EXERCISE DATA:
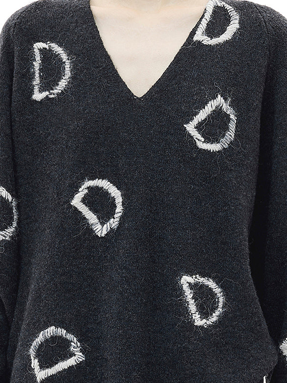 Dのロゴを刺繍であしらったデザインニット。Vネックで女性らしいシルエットに。
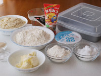 1.ボウルにバターと水以外の材料を入れて全体を混ぜます。このとき砂糖や塩の固い粒があったら、指先でつぶしておきます。粉類をよく混ぜたら、その上に柔らかくしたバターをのせます。分量の水を加えながら捏ねていきます。
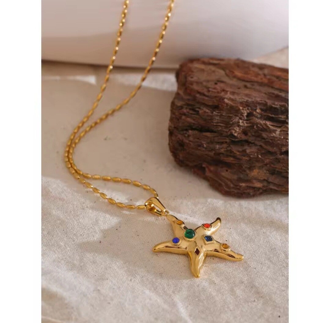 ✔ Joyería casual – Cadena larga y fina con una estrella de mar de piedras coloridas.
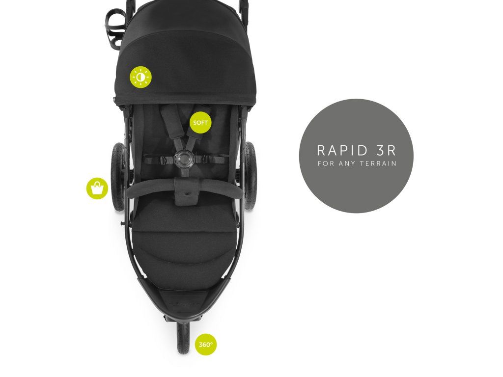 Do každého terénu // Tento terénny kočík vďaka svojim veľkým kolesám nepokazí žiadnu zábavu. Vysoko kvalitný gumový profil kolies skvele odpruží nerovnosti na cestách a nehrozí Vám s nimi defekt. Predné koleso je otočné a v prípade potreby zabezpečiteľné a robí tak z Rapid 3R šikovného parťáka.
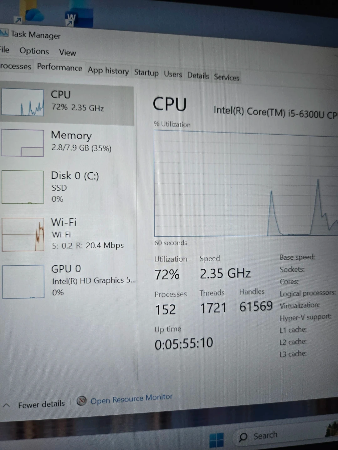 Intel core i5-6300u cpu @ 2.5ghz speed fast operation
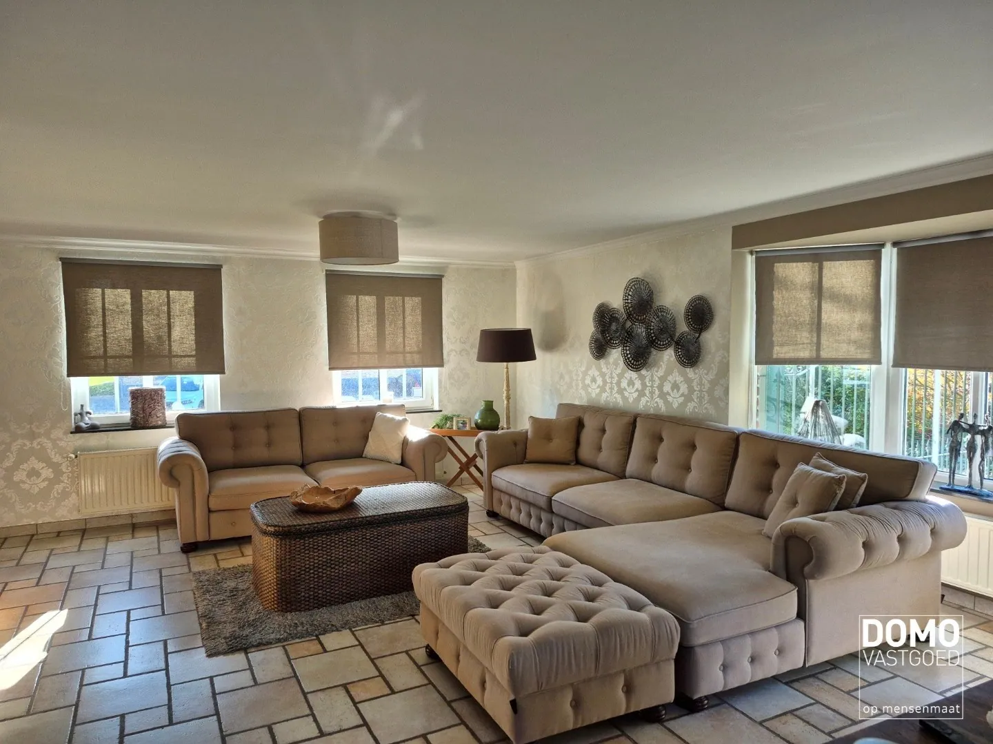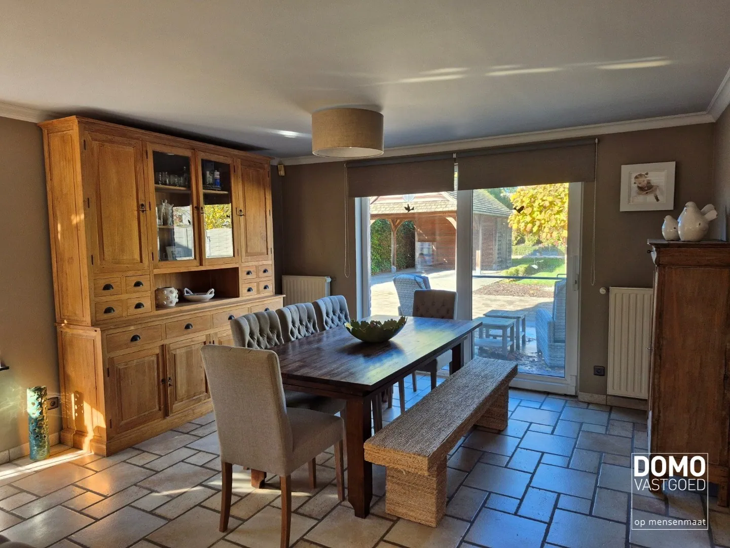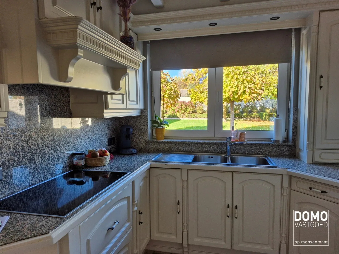 De grote, open leefruimte vormt het hart van de woning. Dankzij de vele ramen baadt de ruimte in natuurlijk licht en heb je voortdurend een prachtig zicht op de tuin. De zithoek en eetplaats vloeien mooi in elkaar over, waardoor een gezellige en huiselijke sfeer ontstaat. De aansluitende keuken vormt een praktische aanvulling op de leefruimte en maken het dagelijks leven bijzonder comfortabel.
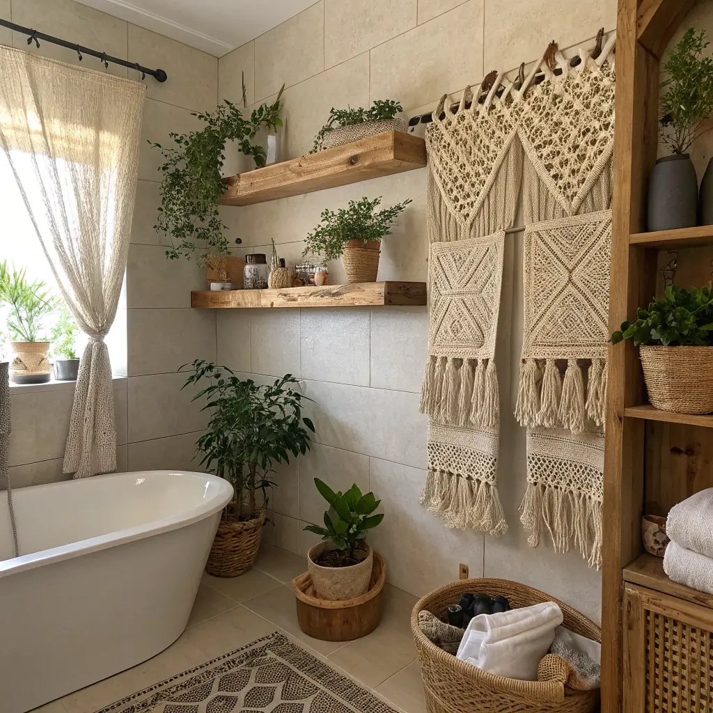 - Phase 2:ย Introduce plants, textiles (rugs, towels, shower curtain), and a macramรฉ accent
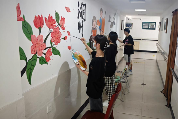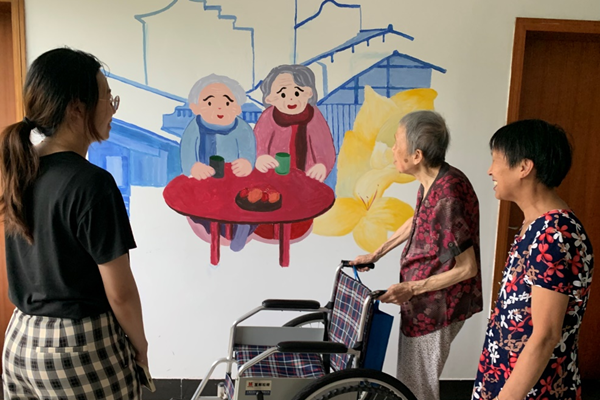 飞英塔、月亮湾、东吴双塔……队员们将湖州街景、建筑、美食等地域特色搬到了墙上,将美丽湖州展现在老人的眼前。实践团还以康复医院的老人为主角,勾勒出十余幅生动的日常生活场景,勾勒出“一墙一文化,一室一风景”,让康复医院的面貌焕然一新。医护人员与老人们驻足于墙前仔细地欣赏着,用手比划着向团队成员询问画中的景物与暗含的寓意。他们不住地点头,在一声声略带湖州方言的“好看”中,肯定了实践团的绘画成果。
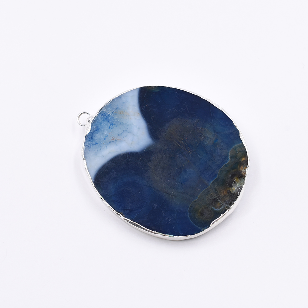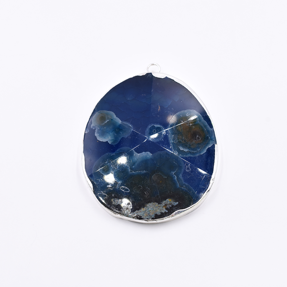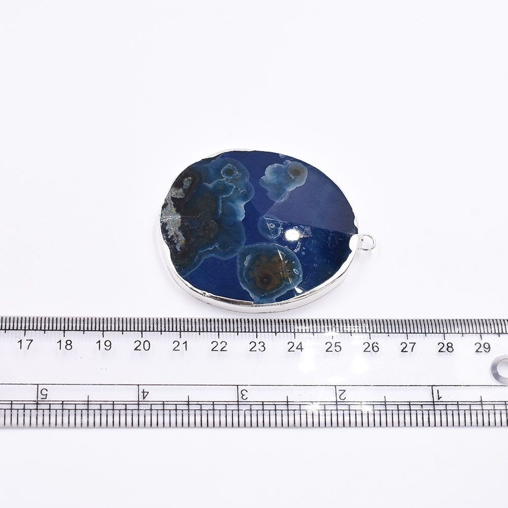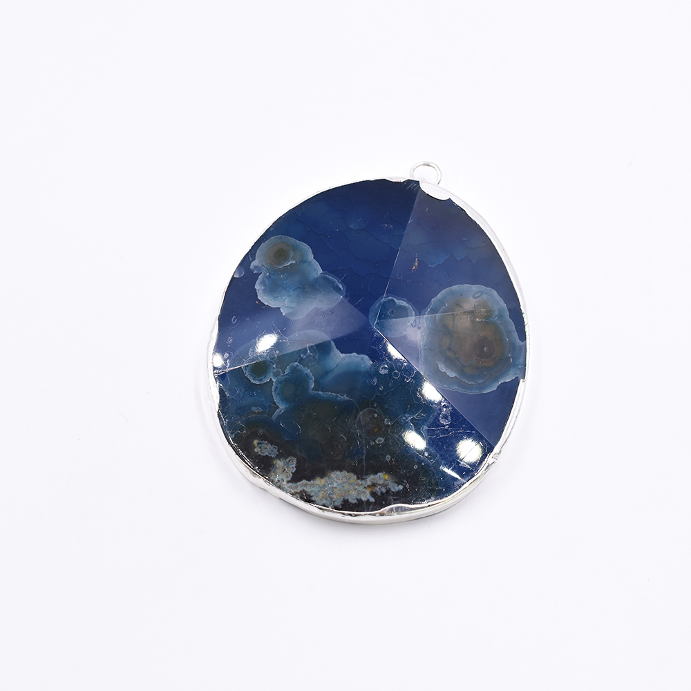 天然石フレームチャーム オーバルカット 1カン ブルーアゲート 60x47mm ロジウム (1ヶ)
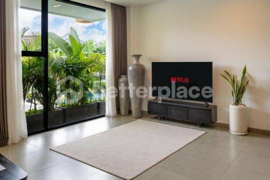 This modern 1-bedroom apartment in Berawa offers a comfortable and stylish living environment in one of Bali’s most sought-after neighbourhoods. The interior is designed with a clean and contemporary feel, featuring an open-plan layout that brings together the living, dining, and kitchen areas. Large sliding glass doors fill the space with natural light and provide a smooth connection to the outdoor greenery. The kitchen comes fully equipped with essential appliances, while the living room includes a cosy sofa setup and a TV for relaxing evenings. Neutral tones, modern furnishings, and thoughtful decor create a warm and inviting atmosphere suitable for both short-term stays and long-term living.
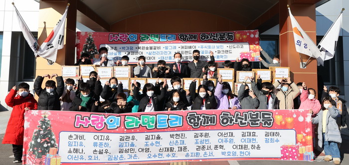 [로컬세계 박상진 기자]경북 의성군(군수 김주수)은 지난 14일 의성전진태권도 학생들과 학부모가 의성군에 소외되고 어려운 이웃들의 따뜻한 겨울나기를 위한 사랑의 라면 109박스를 기부했다고 18일 밝혔다.

TASK TO CARRY OUT:
Without the pictures, set down every entry exactly.

TASK OUTPUT:
 Dのロゴを刺繍であしらったデザインニット。Vネックで女性らしいシルエットに。
 1.ボウルにバターと水以外の材料を入れて全体を混ぜます。このとき砂糖や塩の固い粒があったら、指先でつぶしておきます。粉類をよく混ぜたら、その上に柔らかくしたバターをのせます。分量の水を加えながら捏ねていきます。
 ✔ Joyería casual – Cadena larga y fina con una estrella de mar de piedras coloridas.
 Do každého terénu // Tento terénny kočík vďaka svojim veľkým kolesám nepokazí žiadnu zábavu. Vysoko kvalitný gumový profil kolies skvele odpruží nerovnosti na cestách a nehrozí Vám s nimi defekt. Predné koleso je otočné a v prípade potreby zabezpečiteľné a robí tak z Rapid 3R šikovného parťáka.
 Intel core i5-6300u cpu @ 2.5ghz speed fast operation
 De grote, open leefruimte vormt het hart van de woning. Dankzij de vele ramen baadt de ruimte in natuurlijk licht en heb je voortdurend een prachtig zicht op de tuin. De zithoek en eetplaats vloeien mooi in elkaar over, waardoor een gezellige en huiselijke sfeer ontstaat. De aansluitende keuken vormt een praktische aanvulling op de leefruimte en maken het dagelijks leven bijzonder comfortabel.
 - Phase 2:ย Introduce plants, textiles (rugs, towels, shower curtain), and a macramรฉ accent
 飞英塔、月亮湾、东吴双塔……队员们将湖州街景、建筑、美食等地域特色搬到了墙上,将美丽湖州展现在老人的眼前。实践团还以康复医院的老人为主角,勾勒出十余幅生动的日常生活场景,勾勒出“一墙一文化,一室一风景”,让康复医院的面貌焕然一新。医护人员与老人们驻足于墙前仔细地欣赏着,用手比划着向团队成员询问画中的景物与暗含的寓意。他们不住地点头,在一声声略带湖州方言的“好看”中,肯定了实践团的绘画成果。
 天然石フレームチャーム オーバルカット 1カン ブルーアゲート 60x47mm ロジウム (1ヶ)
 This modern 1-bedroom apartment in Berawa offers a comfortable and stylish living environment in one of Bali’s most sought-after neighbourhoods. The interior is designed with a clean and contemporary feel, featuring an open-plan layout that brings together the living, dining, and kitchen areas. Large sliding glass doors fill the space with natural light and provide a smooth connection to the outdoor greenery. The kitchen comes fully equipped with essential appliances, while the living room includes a cosy sofa setup and a TV for relaxing evenings. Neutral tones, modern furnishings, and thoughtful decor create a warm and inviting atmosphere suitable for both short-term stays and long-term living.
 [로컬세계 박상진 기자]경북 의성군(군수 김주수)은 지난 14일 의성전진태권도 학생들과 학부모가 의성군에 소외되고 어려운 이웃들의 따뜻한 겨울나기를 위한 사랑의 라면 109박스를 기부했다고 18일 밝혔다.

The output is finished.